A Castellazzo or castle was acquired in 1610 by Galeazzo Arconati, cousin of Cardinal Federico Borromeo. Galeazzo was a patron of the arts and served as the rector of the Fabbrica del Duomo of Milan. Under Galeazzo's ownership, the castle-palace on the site was reconstructed and refurbished. It was also Galeazzo who, during the year 1621 brought to the structure his collection of ancient Roman sculpture, including a standing statue said to be Pompey the Great, but also the remaining fragments of the Renaissance style Funereal Monument of Gaston of Foix, Duke of Nemours (died 1512) by Agostino Busi. Galeazzo was also at the one-time owner of the Codex Atlanticus of Leonardo da Vinci.

The gardens were restructured in 1621. Construction on the site continued after 1648 under grandson's leadership, the Count Luigi Maria Arconati, and in 1671 under his great-grandson Giuseppe Maria Arconati. In 1718, Giuseppe Antonio Arconati, grandson of Giuseppe Maria, and remembered also for his patronage of Carlo Goldoni, inherits the palace. In 1742, the architect Giovanni Ruggeri was employed in embellishments and expansions. The Galliari brothers: Bernardino, Fabrizio, and Giovanni Antonio, were employed in the fresco decoration of the interior of the Villa.

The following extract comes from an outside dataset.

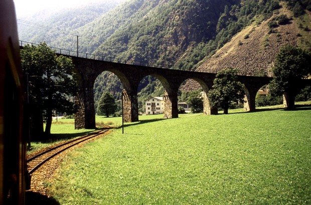 Na stvaritve človeških rok, kot je ta spiralna viadukt, ki je bil zgrajen v Švici v bližini mesta Brusio, lahko pazi na uro. Še posebej je privlačna v času, ko vlak se spusti ali dvigne do njega.
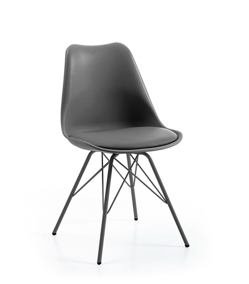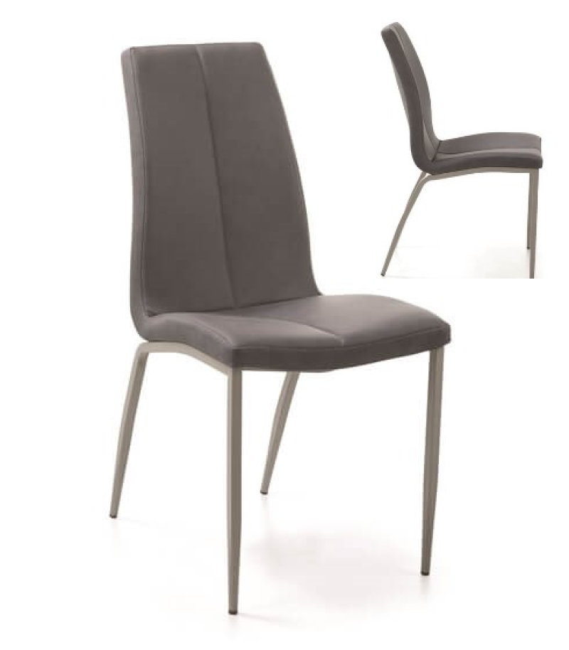 - Moderna silla con diseño asimétrico, tapizada en piel sintética Visón, con patas de Hierro pintado en color Antracita

After 1772, the palace passed on to the Busca family, who commissioned further works, including the trompe l'oeil frescoes in the entrance stairwell, attributed to Giocondo Albertolli. During the 20th century, the villa was inherited by the Marchesa Beatrice Crivelli. Many of the removable items inside the villa were auctioned in 1989. The società Palladium and others have recently purchased the Villa and since 2011 hosts the Fondazione Augusto Rancilio, which seeks to maintain and restore the site, and foster its use. The Villa is also now part of a network of Ville Gentilizie Lombarde, a project of the Region of Lombardy, supported by the Fondazione Cariplo. The Ville Gentilizie Lombarde sponsors a project integrated project both in terms of the strategies of recovery and management of this heritage, and its use by the public through guided visits, educational programs, and events.

The gardens, whose 18th-century layout was documented by the engraver Marc'Antonio dal Re, are also under restoration.